When This Topic Matters

Use a fine-tuned sentiment or frustration classifier when:

  • users ask for a human agent,
  • repeated support loops create frustration,
  • a neutral support message hides urgency,
  • routing should become more conservative.

Scenario 1 - Frustration Detection For Escalation

Example messages:

"I already asked this twice. Where is my order?"
"This refund answer is useless."
"Can I please talk to a real person?"

Labels:

Label Meaning
calm normal shopping or support
confused user needs clarification
frustrated negative experience but recoverable
escalation_needed human handoff likely

Training setup:

Setting Value
Base model DistilBERT or same shared encoder as intent
Dataset 20K support and shopping turns
Loss class-weighted cross entropy or focal loss
Special metric recall on escalation_needed

Promotion gate:

Metric Gate
macro F1 >= 88%
escalation-needed recall >= 92%
false escalation rate <= 8%
P95 latency <= 10 ms

Scenario 2 - Conversation-Level Sentiment

A single message may look calm, but the conversation pattern can show frustration.

Features:

  • repeated question count,
  • low-confidence answer count,
  • user reformulation count,
  • negative words,
  • time since first issue.

Use a small sequence model or aggregate features around the message classifier.

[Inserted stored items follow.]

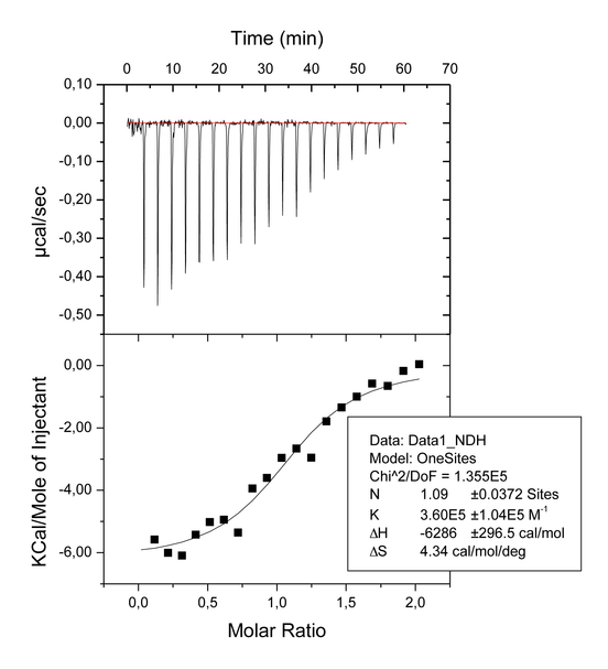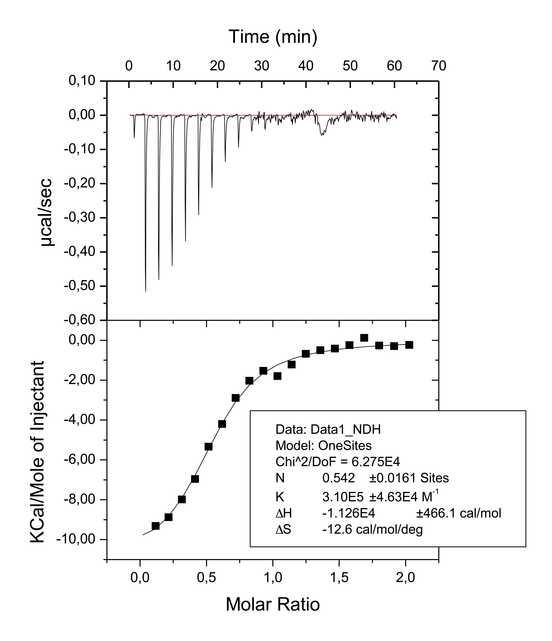 CRITICAL STEP It is important to use the same protein expression batch in all the experiments, to be sure of the relative ratios of the direct and reverse titration. It is possible that the stoichiometry n value of the direct experiment is not a unit value, denoting that the real concentration of functional protein is different from that inserted. In this case, it is very important to use the same protein expression batch in the reverse experiment in order to correctly compare the relative n values of the two experiments.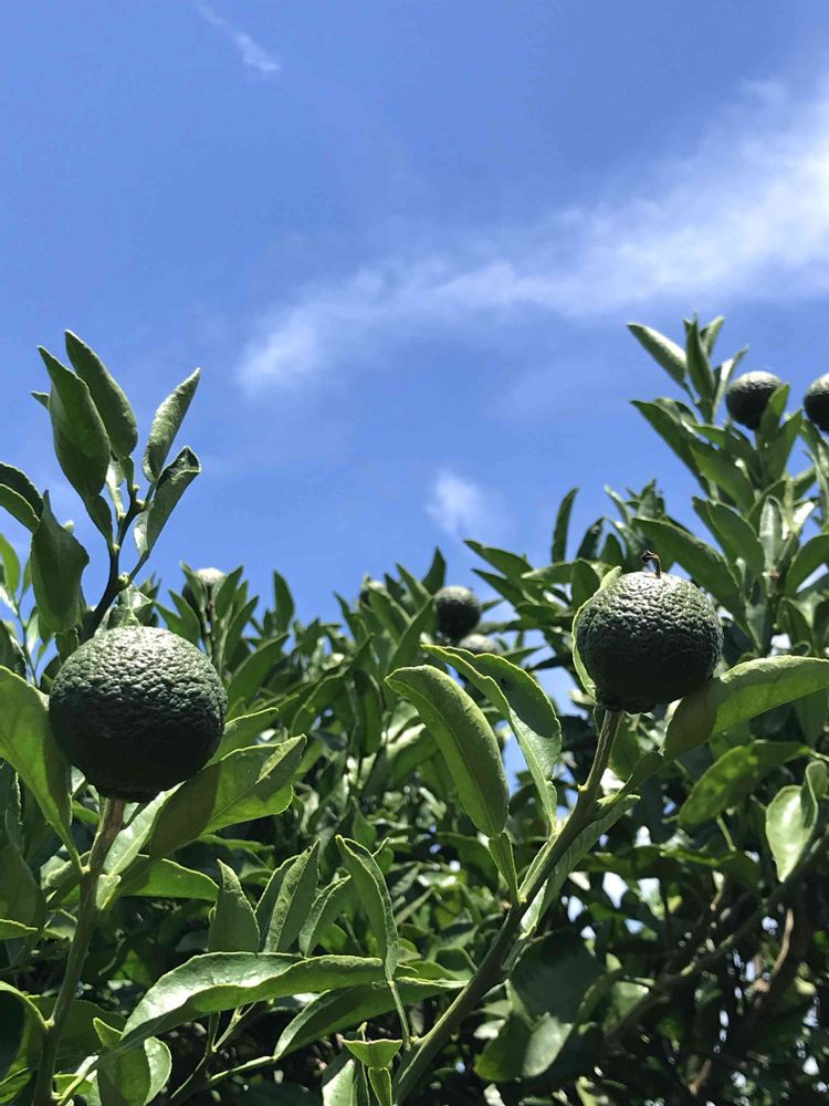 ⑤うちにもあるけど、これは散歩道の不知火(デコポン)🍊 ピンポン玉位に育ってきました🟢🟢🟢
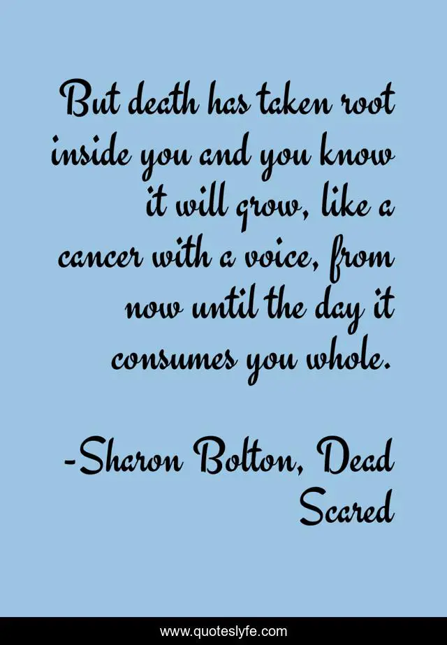 This page presents the quote "But death has taken root inside you and you know it will grow, like a cancer with a voice, from now until the day it consumes you whole.". Author of this quote is Sharon Bolton, Dead Scared. This quote is about crime, death, sj-bolton, thriller, lacey-flint,.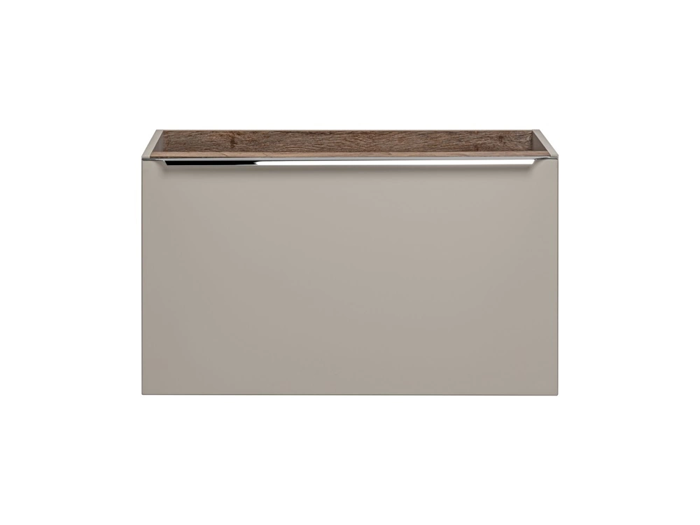 Standardowym wyposażeniem szafki jest funkcjonalny, perfekcyjnie dopasowany organizer do szuflady. Korpus szafki jest wykonany z wysokiej jakości płyty laminowanej o grubości 16 mm. Zaletą tego rodzaju płyty jest wysoka odporność na wpływ czynników, często występujących w łazience, takich jak para wodna, wysoka temperatura czy rozlane ciecze. Fronty szafki pod umywalkę zostały wykonane z płyty MDF. Konstrukcja szafki umożliwia zabudowanie jej dedykowanym blatem oraz użycie tylko umywalki natlatowej.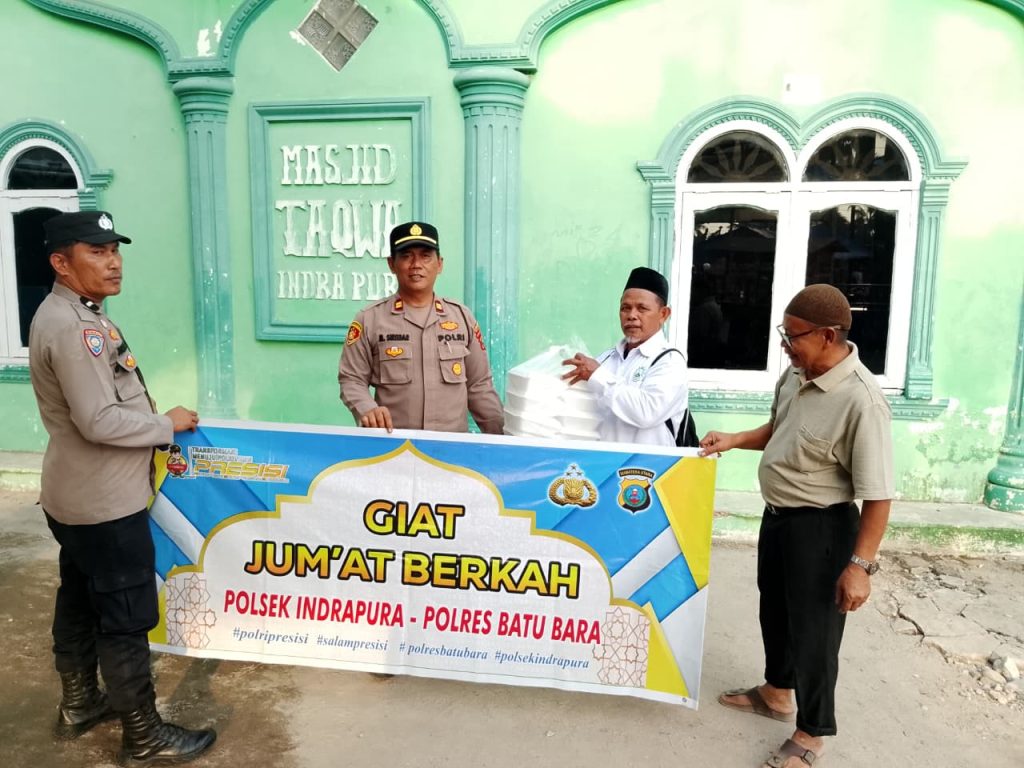 Kepolisian Sektor (Polsek) Indrapura, Polres Batu Bara, menunjukkan sisi humanis dalam melayani masyarakat selama bulan suci Ramadan 1447 H. Pada Jumat (6/3/2026), personel kepolisian setempat membagikan paket takjil dan nasi kotak kepada para jemaah Masjid Taqwa Indrapura, Kecamatan Air Putih, Kabupaten Batu Bara.

Scenario 3 - Sentiment-Aware Routing

Routing policy:

if intent == escalation or sentiment == escalation_needed:
    offer human handoff
elif sentiment == frustrated and confidence_low:
    ask direct clarifying question
else:
    continue normal flow

Failure Modes

Failure Detection Fix
sarcasm missed negative CSAT despite calm label add reviewed sarcasm examples
anime slang misread "this manga is sick" labeled negative domain-specific labels
false handoffs too high support queue grows calibrate threshold
frustration ignored in multi-turn repeated complaints add conversation features

Production Log

{
  "event": "sentiment_route",
  "intent": "order_tracking",
  "sentiment": "frustrated",
  "frustration_score": 0.86,
  "turn_count": 5,
  "decision": "offer_human_handoff"
}

Final Decision

For MangaAssist, sentiment fine-tuning should optimize for operational safety. Missing frustrated users is more harmful than occasionally offering a human handoff too early.